In questo caso gli immunologi parlano di
possibilità di malattia autoimmune dovuta
alla compromissione dell’immunotolleranza. Processi simili si hanno nei casi delle allergie, con la differenza che in questo caso
le iperimmunizzazioni che provocano la
malattia si rivolgono contro le proteine dei
peli dei gatti, gli acari della polvere, i semi
di determinate piante o strutture simili.

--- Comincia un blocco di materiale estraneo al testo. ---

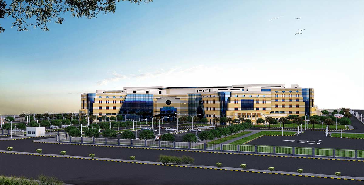 The hospital is located in Jizan City situated in the southwest corner of Saudi Arabia and on the northern border of Yemen on land plot of about 366,944m2. The hospital comprises eleven buildings with a maximum height of 38m, total built-up area of 134,014m2 and a capacity of 500-beds.

Nel caso della SM l’iperimmunizzazione è
rivolta contro il tessuto dell’SNC, e viene
trasmessa principalmente dai cosiddetti
linfociti T helper, una particolare tipologia
di globuli bianchi. La reazione determina
a sua volta altri meccanismi infiammatori e cellule infiammatorie. Si ritiene che
il processo sia innescato da una infezione virale, provocata da determinati virus
come ad esempio il virus di Epstein-Barr,
che provoca la mononucleosi infettiva.
Probabilmente però tra i fattori scatenanti
possono rientrare molti altri virus che provocano infezioni delle vie aeree superiori
o influenza. Inoltre il soggetto deve avere
una determinata predisposizione genetica.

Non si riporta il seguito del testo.